Technical background

In an AC+fit AP network, the AC processes most wireless-related services, which requires the AC-AP tunnels to provide high bandwidth and transmission speed. If fit APs connect to the AC through the Internet, issues such as slow authentication and poor mobility will occur in the single-layer AC network.

To solve the issues, the AC hierarchy architecture is introduced. An AC hierarchy network contains a central AC, local ACs, and fit APs. The central AC manages the entire network and local ACs provide network access to APs and process data traffic.

AC hierarchy integrates centralized management and distributed control, providing guaranteed performance with enhanced maintainability and expandability.

Benefits

AC hierarchy provides the following benefits:

·     Fast network deployment and centralized management—All management and configuration operations are performed on the central AC. Local ACs automatically synchronize configuration from the central AC through management tunnels.

·     License sharing—The central AC manages and allocates licenses in a unified manner, reducing license waste and saving cost.

·     High availability—The architecture provides AC backup and central AC fail-permit to prevent single points of failure from affecting service continuity.

¡     AC backup—Includes horizontal AC backup for two central ACs to back up each other and vertical AC backup for APs to directly associate with the central AC when a local AC fails.

¡     Central AC fail-permit—Enables local ACs to bypass the central AC to transmit and receive data when the central AC fails. When the central AC recovers, local ACs synchronize AP running data to the central AC and the central AC continues to transmit traffic.

·     Flexible network expansion—Enables you to add local ACs or APs through a simplified configuration process and allows flexible switching of AC roles between central AC and local AC.
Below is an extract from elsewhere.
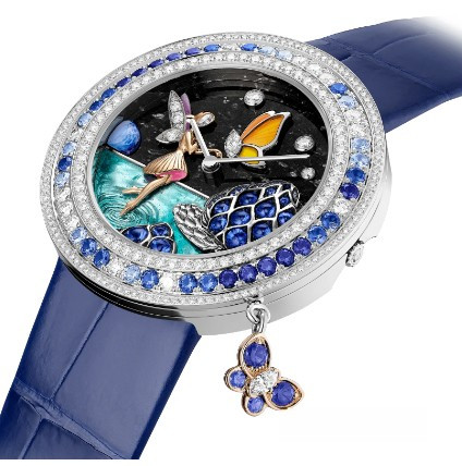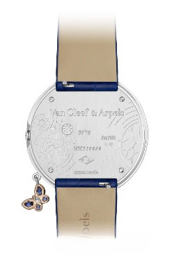 Часы Van Cleef & Arpels Charms Papillon Feerique представлены в корпусе из белого золота 18к размером 38 мм водонепроницаемостью 30 метров. Внутри корпуса находится кварцевый мехнизм. На циферблате с белыми бриллиантами и синими сапфирами отображаются часы, минуты. Часы поставляются на ремешке из кожи аллигатора с золотой застежкой. Безель из белых бриллиантов и синих сапфиров.

·     Local AC load balancing—Enables the central AC to always assign the local AC with the lowest workload to an AP attempting to come online, improving network performance.
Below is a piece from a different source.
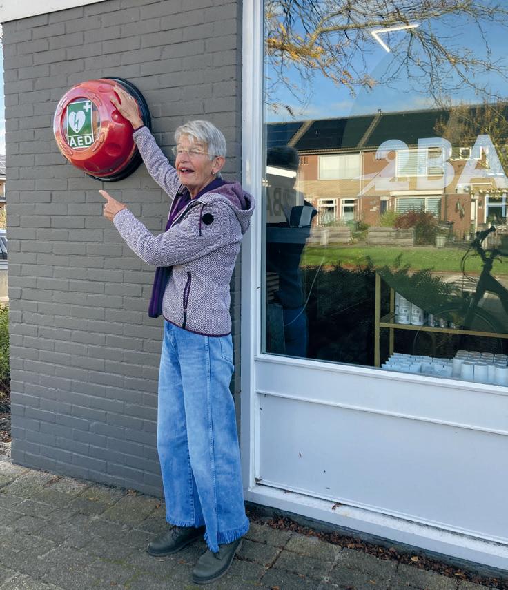 Ursem- “Sinds kort hangt er in de Reigerlaan bij de kapsalon een AED. Deze is geschonken door familie, vrienden, ex-collega's en sportmaten van Pierre Groenland. Pierre is op 22 augustus 2023 plotseling overleden. Tine was heel verrast door het snelle optreden van de Burgerhulpverleners en vond dat zij hiervoor iets moest doen. Deze vrijwilligers staan 24 uur per dag klaar en gaan met verhoogd adrenalinegehalte weer naar huis om de volgende dag weer op het werk te verschijnen. Het afscheid van Pierre was anders. Bij leven heeft Pierre de wens te kennen gegeven zijn lichaam na de dood ter beschikking te stellen aan de medische wetenschap.

·     Access right management—Allows you to assign different rights to administrators of the central AC and local ACs by configuring location identifiers for service templates, AP groups, and RRM holddown groups.

·     NAT traversal—Allows the central AC and local ACs to communicate through NAT.

Technology implementation

Concepts

·     Central AC—Manages all local ACs, performs centralized authentication, and processes other services that do not require high real-time performance. The central AC can also provide AP access and data forwarding services.

·     Local AC—Provides network access to APs, manages APs, and processes data traffic.

Mechanism

AC hierarchy uses the following tunnels for local AC and AP management:

·     Tunnels between the central AC and local ACs—The central AC sends AP configuration over this tunnel to the local ACs, and the local ACs report AP and client information to the central AC.

·     CAPWAP tunnels between local ACs and APs—Local ACs send AP configuration to the APs over this tunnel.

Centralized management

·     Centralized configuration deployment—In an AC hierarchy network, the central AC issues AP, radio, and service configurations to the corresponding local AC, and the local AC sends the configurations to the AP when the AP comes online.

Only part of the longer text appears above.